The EA9800 OLED TV is unique in that it uses a fourth sub-pixel in addition to the standard red-green-blue of competing TVs like the Samsung 55S9C. The fourth sub-pixel is white, allowing for higher overall brightness and a wider range of contrast in colours. A big advantage of OLED is the TV’s massively increase response time, essentially eliminating screen blur even on fast-moving objects.

It’s this OLED technology and the use of carbon fibre construction that’s also responsible for the TV’s thin 4.3mm profile and minimal 17kg weight, cutting down on the comparative bulk of an LED LCD TV’s backlight and internal circuitry. The EA9800’s front-firing, stereo speakers are integrated into the transparent crystal stand, which supposedly creates the illusion that the TV is floating on air.

The LG EA9800 includes the full host of Smart TV technologies, including all the company’s apps for video-on-demand and catch-up TV, as well as Wi-Fi Direct, Miracast and MHL support for playing media off mobile devices.
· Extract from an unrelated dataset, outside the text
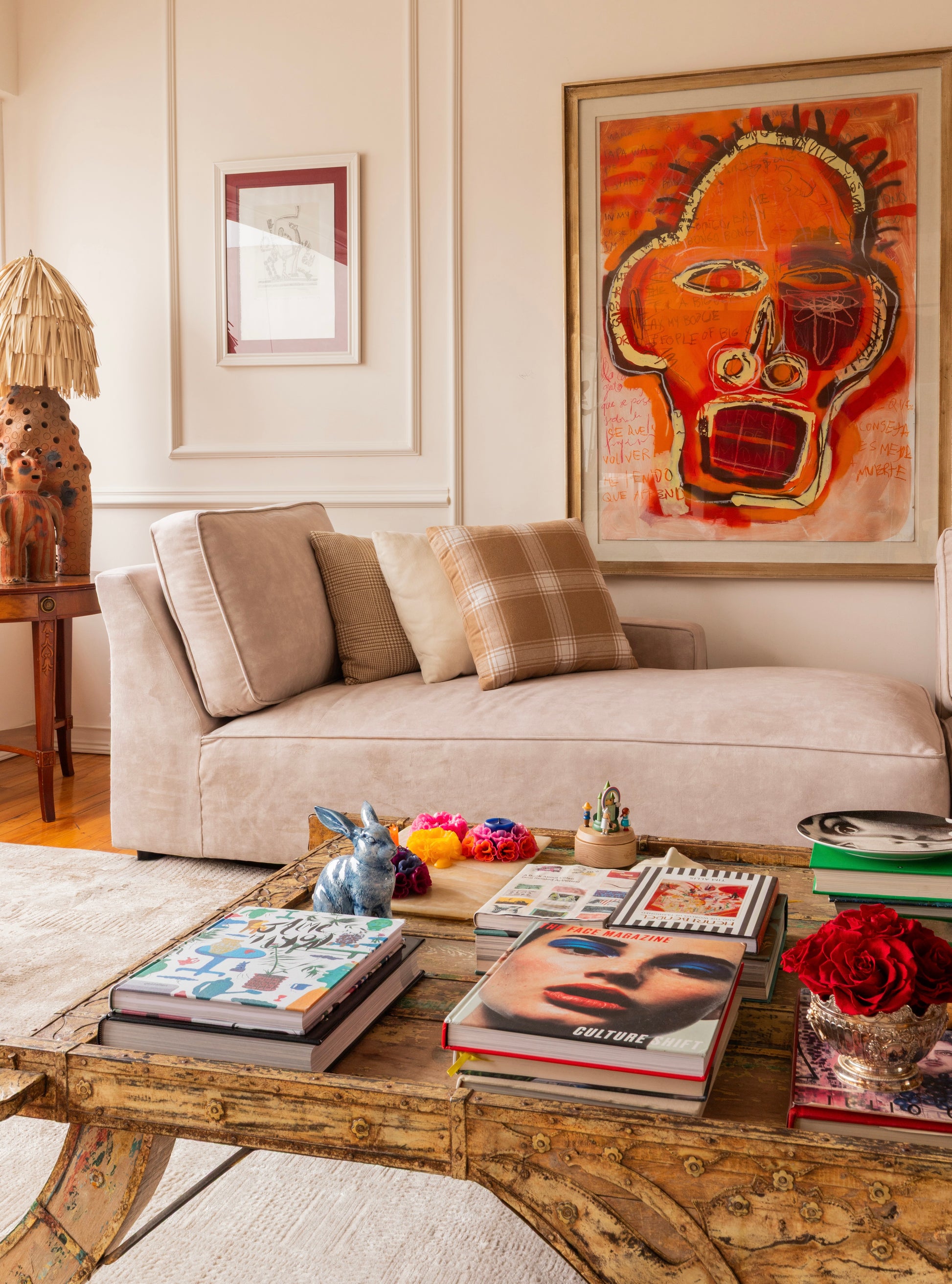 Su estructura conserva los relieves, clavos y pátinas que narran siglos de historia: marcas del tiempo que hoy dialogan con libros, objetos y flores.

It’ll be available in “select retail stores”, although LG told us that it wants to sell as many as possible, from mid-September at a recommended retail price of $11999.

Also going on sale in mid-September are LG’s two down-sized Ultra HD TVs. At 55 and 65 inches in screen size respectively, the 55LA9700 and 65LA9700 have Ultra HD-resolution screens, able to show four times the detail of current Full HD panels.
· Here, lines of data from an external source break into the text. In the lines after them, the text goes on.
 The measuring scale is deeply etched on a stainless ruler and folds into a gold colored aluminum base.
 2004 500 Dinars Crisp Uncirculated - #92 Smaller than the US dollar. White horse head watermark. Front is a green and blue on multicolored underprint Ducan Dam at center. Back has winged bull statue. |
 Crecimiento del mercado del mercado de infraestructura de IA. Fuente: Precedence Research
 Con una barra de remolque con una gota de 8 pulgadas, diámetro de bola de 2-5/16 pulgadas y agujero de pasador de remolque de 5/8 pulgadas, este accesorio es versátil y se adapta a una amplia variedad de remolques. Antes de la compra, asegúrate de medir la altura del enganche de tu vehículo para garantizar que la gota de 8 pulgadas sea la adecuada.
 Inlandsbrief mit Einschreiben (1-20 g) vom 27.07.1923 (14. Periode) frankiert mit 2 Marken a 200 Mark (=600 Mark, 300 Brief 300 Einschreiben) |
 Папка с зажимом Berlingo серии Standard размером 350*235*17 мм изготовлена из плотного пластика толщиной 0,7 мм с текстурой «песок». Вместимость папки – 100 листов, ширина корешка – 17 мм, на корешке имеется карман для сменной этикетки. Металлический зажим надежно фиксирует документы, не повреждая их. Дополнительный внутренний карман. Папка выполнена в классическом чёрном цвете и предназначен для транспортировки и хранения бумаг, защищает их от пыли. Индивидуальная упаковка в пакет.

The new TVs carry a slight premium over competing models from Samsung and Sony, but LG has a unique feature in the TV’s integrated sound-bar, which extends and retracts from behind the lower bezel. The sound-bar in both models has 50W of audio output and uses four speakers for simulated surround sound.

LG’s new Ultra HD TVs use a full sheet of LEDs for backlighting, being both more consistent and brighter than a comparable edge-LED system like Samsung or Sony’s UHD models. The ‘Nano Full LED’ setup has 100 distinct zones in 55-inch model, and 144 in the 65-inch, each of which is able to dynamically adjust brightness to extend contrast in especially dark or bright areas of the screen.

LG also told us that it thinks the 55-inch model especially is a worthwhile trade-up for consumers, only attracting a $1500 premium over the $3499 RRP of leading 55-inch LED-backlit LCD TVs. Ultra HD TVs are more versatile than Full HD, maintaining appropriately high image quality even as viewers sit closer to the screen.

The new Ultra HD TVs are expensive, but not completely out of the reach of interested buyers — the 55-inch LG 55LA9700 is $4999 and the 65-inch 65LA9700 is $7499. Both will be in stores in mid-September, although the 65-inch model will be restricted to stores that have the appropriate floor space to show it off.